WHAT TO DO
Exclude the pictures from your copy, and reproduce each entry below verbatim.

◇ ◇ ◇ ◇

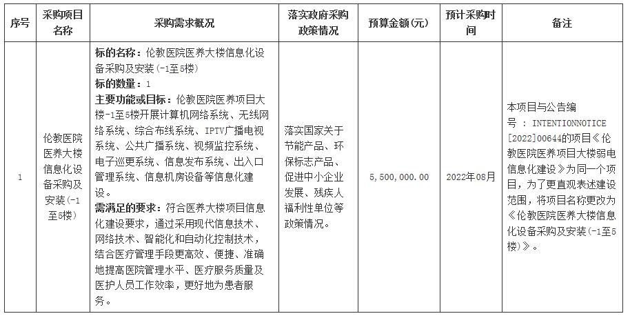 佛山市顺德区伦教医院2022年07月至2022年08月政府采购意向
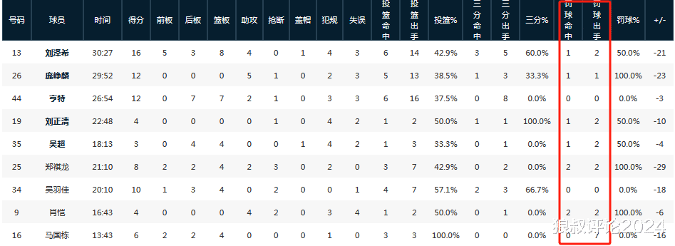 还包括第四节对抗强度并不是很大的比赛,马国栋单节4次获得上罚球线的机会,全部罚丢。
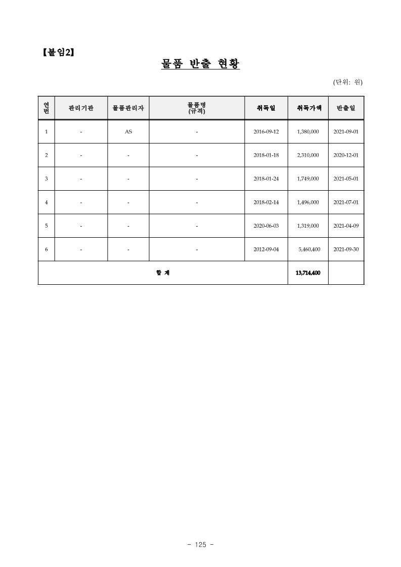 - 또한, AS은 2021. 9. 1. “ㄱㅁ(취득가액 : 1,380,000원) 1대를 소정의 절차 없이 반출한 후 2021. 10. 감사일 현재 까지 사용하는 등 【붙임2】”물품 반출 현황“과 같이 위 AS 등 물품관리자 6명은 2020. 12.부터 2021. 10. 감사일 현재까지 연구비 등으로 구입한 물품 총 6점 (취득가액 13,714,400원)을 소정의 절차 없이 반출하여 사용한 사실이 있음.
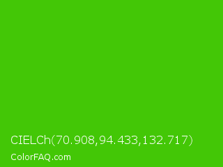 CIELCh 70.908,94.433,132.717 Color is a normal green color and the nearest color is Harlequin Green #46cb18. Hex code #43c706 and RGB value is rgb(67,199,6). In RGB color space, this color is composed of 26% red, 78% green, 2% blue, In CMYK color space, this color is composed of 66% cyan, 0% magenta, 97% yellow , 22% black , In HSL color space, this color has a hue angle of 101° , 94% saturation and 40% lightness.
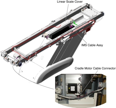 10. Cut any tie-wraps holding the IMS cable to the Table frame, and remove any clamps, then disconnect the cradle motor cable connector.
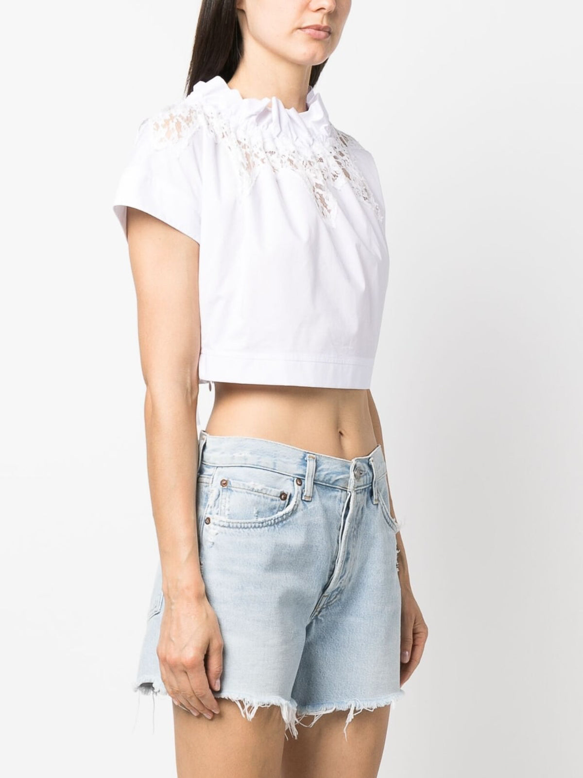 Elevate your wardrobe with the Ermanno Scervino Lace-Detail Cotton Top — a refined and feminine staple that combines Italian craftsmanship with delicate textural details. Crafted from 100% cotton, this cropped silhouette features white floral lace panels overlaid on the body, a gathered neckline, cap sleeves, and a rear tie fastening with an optional zip closure for a polished finish. The clean straight hem and softly draped fit make it ideal for both smart-casual and elevated daywear.
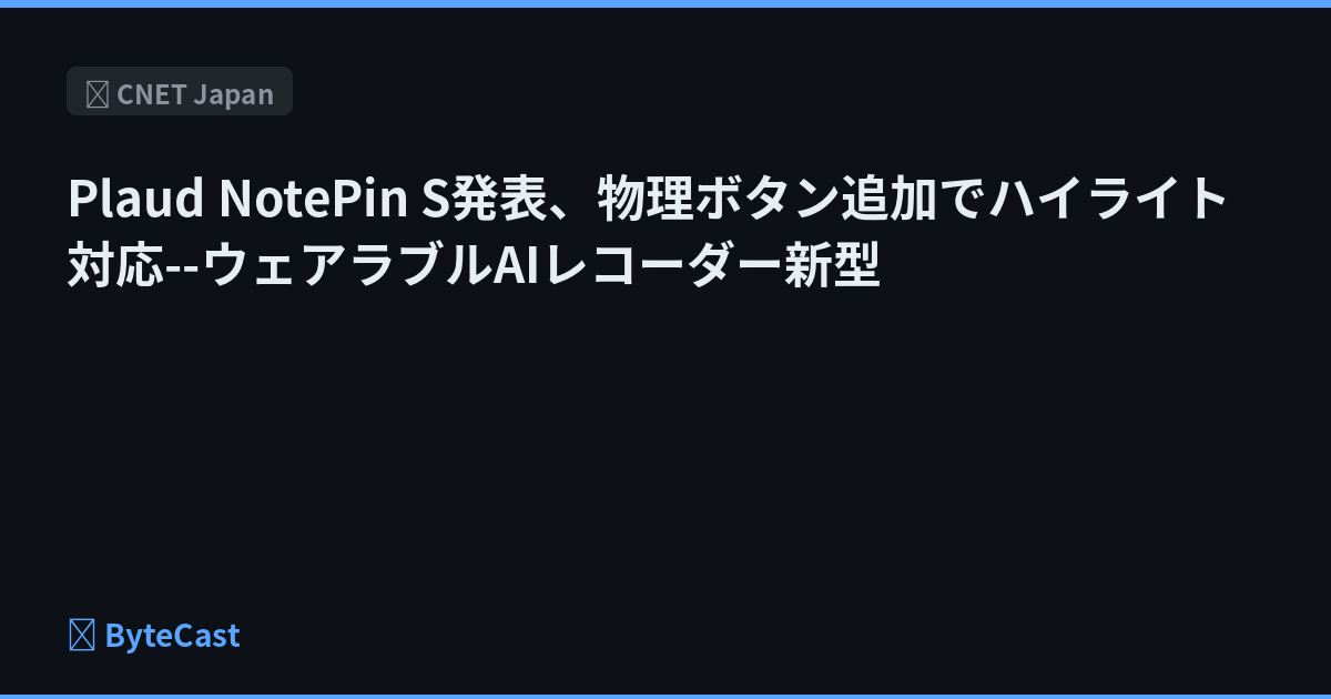 PLAUDがウェアラブルAIレコーダー「Plaud NotePin S」を2万8600円で発売する。ボタン操作でハイライト記録が可能になり、4種類のアクセサリーを同梱。日本ユーザーのデータはAWS東京リージョンで保管し、法人利用のハードルを下げた。
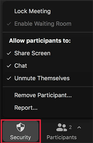 In Zoom, hosts will see the meeting Security icon. Clicking the icon shows many useful options in a single menu.
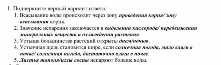 1.зона всасывания. 2.передвижение минеральных веществ и охлаждение растения. 3.ночью. 4. достаточно влаги в почве. 5.листья тополя.
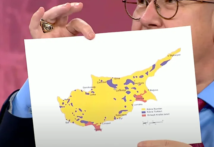 Ve bunun daha öncesi var. Aslında bu hepsi birbiriyle örtüşüyor. Bu “Greek-Jewish Plan” diye yayınlanmış. 1950’lerdeki bir haritadır: Yunan-Yahudi Planı. Evet, Yunan-Yahudi Planı. Burada morla işaretlenmiş olan yerler, Türk yerleşim yerleri. 1950’li yıllarda onlara göre, Yahudilere göre diyor ki: “Siz toprak alın ama buralardan toprak alın. Burası bir Yahudi-Yunan adası olsun.”
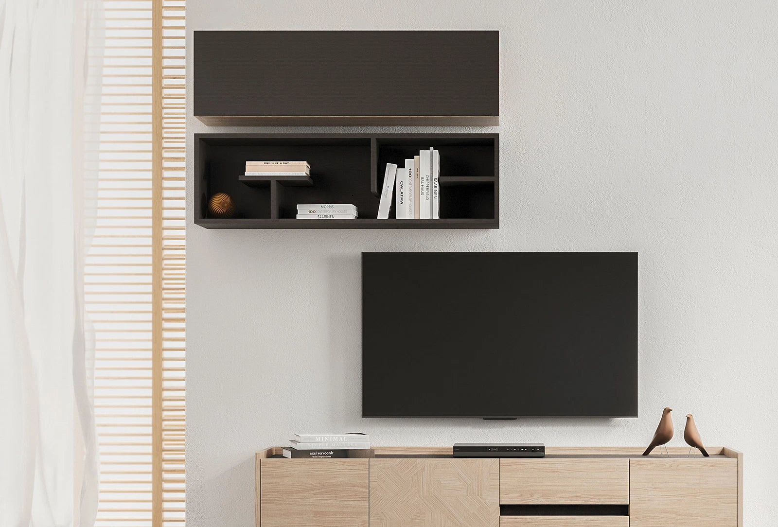 Its contemporary and clean design makes the Terra shelf cabinet ideal for interiors of various styles. The bookshelf module, which can be used for decorative purposes, gives the cabinet a sophisticated look.
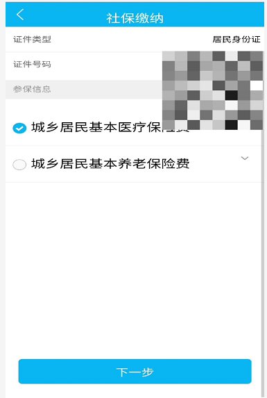 2.点击“城乡居民基本医疗保险费”,点击“下一步”。
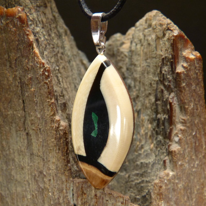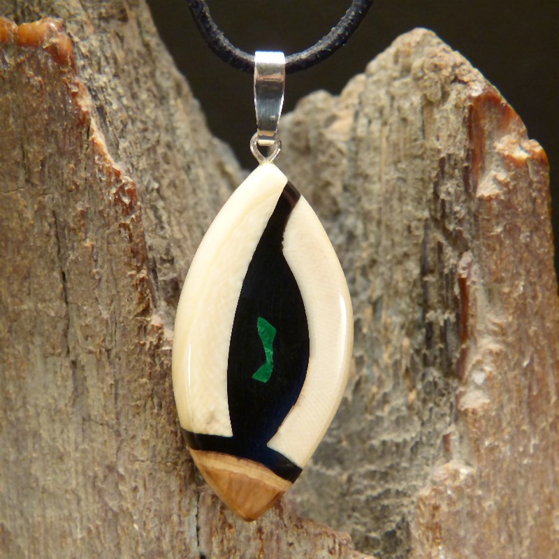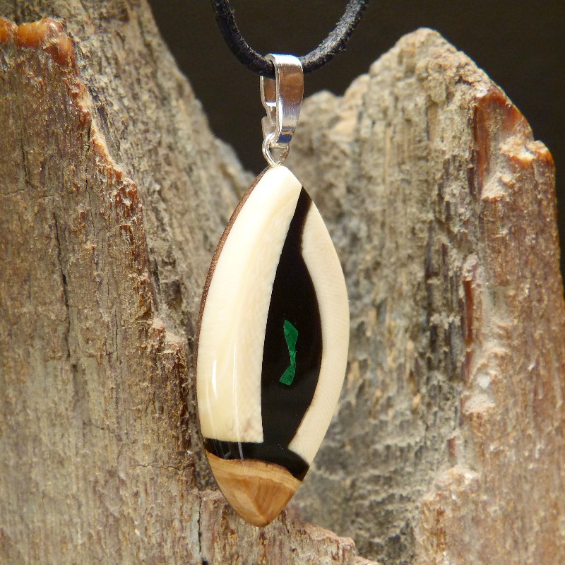 Anhänger aus cremefarbenem und braunem Mammut-Elfenbein mit feiner Maserung und einer zusätzlichen Intarsie aus rekonstruiertem Malachit. Der Anhänger hat eine Größe von ca. 43 x 21 mm (ohne Öse) und wurde zur Stabilisierung mit Nussbaumholz hinterlegt. Die Öse aus 925/-er Silber ist geeignet für Ketten oder Bänder bis zu einer Größe von ca. 3,5 mm. Die Lieferung erfolgt ohne Band, dieses können Sie unter Zubehör separat bestellen.
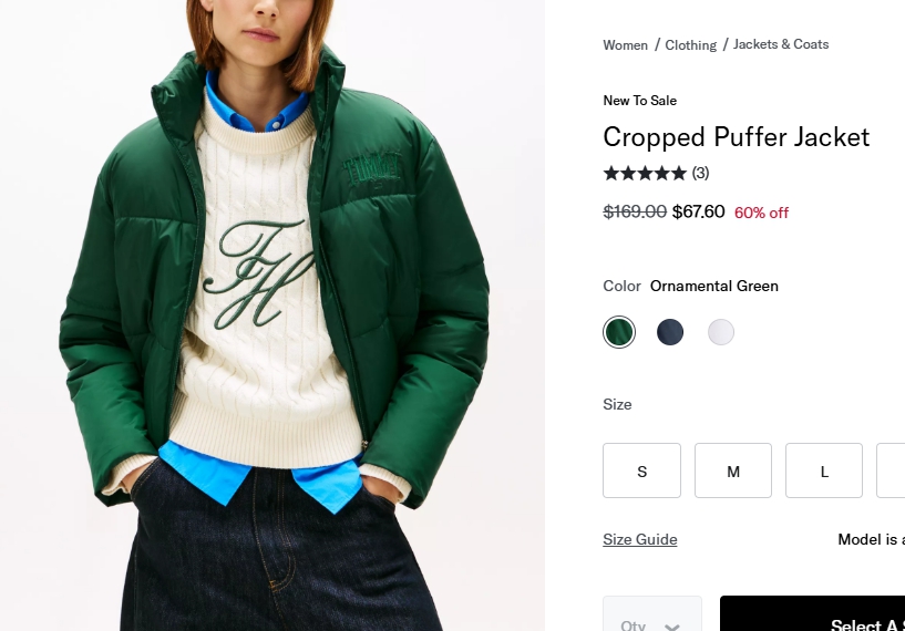 크롭 푸퍼 자켓 $54.08

◇ ◇ ◇ ◇

ANSWER SECTION
 佛山市顺德区伦教医院2022年07月至2022年08月政府采购意向
 还包括第四节对抗强度并不是很大的比赛,马国栋单节4次获得上罚球线的机会,全部罚丢。
 - 또한, AS은 2021. 9. 1. “ㄱㅁ(취득가액 : 1,380,000원) 1대를 소정의 절차 없이 반출한 후 2021. 10. 감사일 현재 까지 사용하는 등 【붙임2】”물품 반출 현황“과 같이 위 AS 등 물품관리자 6명은 2020. 12.부터 2021. 10. 감사일 현재까지 연구비 등으로 구입한 물품 총 6점 (취득가액 13,714,400원)을 소정의 절차 없이 반출하여 사용한 사실이 있음.
 CIELCh 70.908,94.433,132.717 Color is a normal green color and the nearest color is Harlequin Green #46cb18. Hex code #43c706 and RGB value is rgb(67,199,6). In RGB color space, this color is composed of 26% red, 78% green, 2% blue, In CMYK color space, this color is composed of 66% cyan, 0% magenta, 97% yellow , 22% black , In HSL color space, this color has a hue angle of 101° , 94% saturation and 40% lightness.
 10. Cut any tie-wraps holding the IMS cable to the Table frame, and remove any clamps, then disconnect the cradle motor cable connector.
 Elevate your wardrobe with the Ermanno Scervino Lace-Detail Cotton Top — a refined and feminine staple that combines Italian craftsmanship with delicate textural details. Crafted from 100% cotton, this cropped silhouette features white floral lace panels overlaid on the body, a gathered neckline, cap sleeves, and a rear tie fastening with an optional zip closure for a polished finish. The clean straight hem and softly draped fit make it ideal for both smart-casual and elevated daywear.
 PLAUDがウェアラブルAIレコーダー「Plaud NotePin S」を2万8600円で発売する。ボタン操作でハイライト記録が可能になり、4種類のアクセサリーを同梱。日本ユーザーのデータはAWS東京リージョンで保管し、法人利用のハードルを下げた。
 In Zoom, hosts will see the meeting Security icon. Clicking the icon shows many useful options in a single menu.
 1.зона всасывания. 2.передвижение минеральных веществ и охлаждение растения. 3.ночью. 4. достаточно влаги в почве. 5.листья тополя.
 Ve bunun daha öncesi var. Aslında bu hepsi birbiriyle örtüşüyor. Bu “Greek-Jewish Plan” diye yayınlanmış. 1950’lerdeki bir haritadır: Yunan-Yahudi Planı. Evet, Yunan-Yahudi Planı. Burada morla işaretlenmiş olan yerler, Türk yerleşim yerleri. 1950’li yıllarda onlara göre, Yahudilere göre diyor ki: “Siz toprak alın ama buralardan toprak alın. Burası bir Yahudi-Yunan adası olsun.”
 Its contemporary and clean design makes the Terra shelf cabinet ideal for interiors of various styles. The bookshelf module, which can be used for decorative purposes, gives the cabinet a sophisticated look.
 2.点击“城乡居民基本医疗保险费”,点击“下一步”。
 Anhänger aus cremefarbenem und braunem Mammut-Elfenbein mit feiner Maserung und einer zusätzlichen Intarsie aus rekonstruiertem Malachit. Der Anhänger hat eine Größe von ca. 43 x 21 mm (ohne Öse) und wurde zur Stabilisierung mit Nussbaumholz hinterlegt. Die Öse aus 925/-er Silber ist geeignet für Ketten oder Bänder bis zu einer Größe von ca. 3,5 mm. Die Lieferung erfolgt ohne Band, dieses können Sie unter Zubehör separat bestellen.
 크롭 푸퍼 자켓 $54.08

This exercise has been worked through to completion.